(Data records)
—————

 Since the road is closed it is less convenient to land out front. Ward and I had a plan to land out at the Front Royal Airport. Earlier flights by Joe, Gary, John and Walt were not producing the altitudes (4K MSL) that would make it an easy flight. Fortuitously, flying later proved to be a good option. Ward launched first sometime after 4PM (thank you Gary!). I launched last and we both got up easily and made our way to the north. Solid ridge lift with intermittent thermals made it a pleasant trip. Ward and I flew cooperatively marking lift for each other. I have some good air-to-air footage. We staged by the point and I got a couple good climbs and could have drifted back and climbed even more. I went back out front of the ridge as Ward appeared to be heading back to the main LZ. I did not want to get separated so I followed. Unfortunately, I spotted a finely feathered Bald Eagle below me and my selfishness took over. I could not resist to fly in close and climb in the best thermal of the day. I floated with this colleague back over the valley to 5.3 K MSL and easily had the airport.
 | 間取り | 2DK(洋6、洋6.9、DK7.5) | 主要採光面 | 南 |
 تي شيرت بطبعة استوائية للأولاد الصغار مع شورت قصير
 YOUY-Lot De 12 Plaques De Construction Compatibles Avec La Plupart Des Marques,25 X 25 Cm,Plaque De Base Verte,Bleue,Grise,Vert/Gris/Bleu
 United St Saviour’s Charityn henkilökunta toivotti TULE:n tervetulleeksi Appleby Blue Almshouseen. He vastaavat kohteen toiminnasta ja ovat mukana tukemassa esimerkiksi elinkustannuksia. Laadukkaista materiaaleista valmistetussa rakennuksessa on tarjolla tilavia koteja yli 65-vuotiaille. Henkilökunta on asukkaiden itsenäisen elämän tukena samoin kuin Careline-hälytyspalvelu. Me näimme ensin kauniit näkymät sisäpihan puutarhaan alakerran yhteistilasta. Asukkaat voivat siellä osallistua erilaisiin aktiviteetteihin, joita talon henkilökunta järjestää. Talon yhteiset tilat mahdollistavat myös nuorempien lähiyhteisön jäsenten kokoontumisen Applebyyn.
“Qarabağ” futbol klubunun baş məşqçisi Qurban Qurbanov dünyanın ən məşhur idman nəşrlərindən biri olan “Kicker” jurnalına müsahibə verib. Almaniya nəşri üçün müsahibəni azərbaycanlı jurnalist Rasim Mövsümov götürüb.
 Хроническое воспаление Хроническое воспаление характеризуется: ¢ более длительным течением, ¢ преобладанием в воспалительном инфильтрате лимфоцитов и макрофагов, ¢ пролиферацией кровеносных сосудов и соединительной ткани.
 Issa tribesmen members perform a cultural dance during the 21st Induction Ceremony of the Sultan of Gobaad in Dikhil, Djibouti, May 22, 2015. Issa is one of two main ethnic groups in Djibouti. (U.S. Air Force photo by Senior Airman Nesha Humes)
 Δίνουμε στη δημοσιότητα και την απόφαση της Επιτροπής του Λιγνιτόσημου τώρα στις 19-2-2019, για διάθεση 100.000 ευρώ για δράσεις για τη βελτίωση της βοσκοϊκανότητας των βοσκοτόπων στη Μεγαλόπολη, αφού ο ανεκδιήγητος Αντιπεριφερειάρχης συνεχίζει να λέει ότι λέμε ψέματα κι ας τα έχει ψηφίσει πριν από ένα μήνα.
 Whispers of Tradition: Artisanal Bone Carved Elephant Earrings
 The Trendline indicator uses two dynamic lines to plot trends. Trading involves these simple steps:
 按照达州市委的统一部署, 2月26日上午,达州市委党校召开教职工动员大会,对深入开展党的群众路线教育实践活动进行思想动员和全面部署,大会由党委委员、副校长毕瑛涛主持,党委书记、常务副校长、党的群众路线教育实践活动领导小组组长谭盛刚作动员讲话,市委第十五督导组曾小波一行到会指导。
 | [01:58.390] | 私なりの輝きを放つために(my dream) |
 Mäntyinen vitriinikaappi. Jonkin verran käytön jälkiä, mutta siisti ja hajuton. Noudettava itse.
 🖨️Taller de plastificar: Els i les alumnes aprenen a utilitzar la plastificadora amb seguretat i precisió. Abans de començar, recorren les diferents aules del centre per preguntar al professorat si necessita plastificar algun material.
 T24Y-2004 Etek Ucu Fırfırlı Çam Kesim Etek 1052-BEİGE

—————

§ Problem description
Looking at the data above, write out exactly the lines that start at the one containing "Хроническое воспаление Хроническое" and end at the one containing "Issa tribesmen members"; include both and nothing beyond.

§ Exercise answer
 Хроническое воспаление Хроническое воспаление характеризуется: ¢ более длительным течением, ¢ преобладанием в воспалительном инфильтрате лимфоцитов и макрофагов, ¢ пролиферацией кровеносных сосудов и соединительной ткани.
 Issa tribesmen members perform a cultural dance during the 21st Induction Ceremony of the Sultan of Gobaad in Dikhil, Djibouti, May 22, 2015. Issa is one of two main ethnic groups in Djibouti. (U.S. Air Force photo by Senior Airman Nesha Humes)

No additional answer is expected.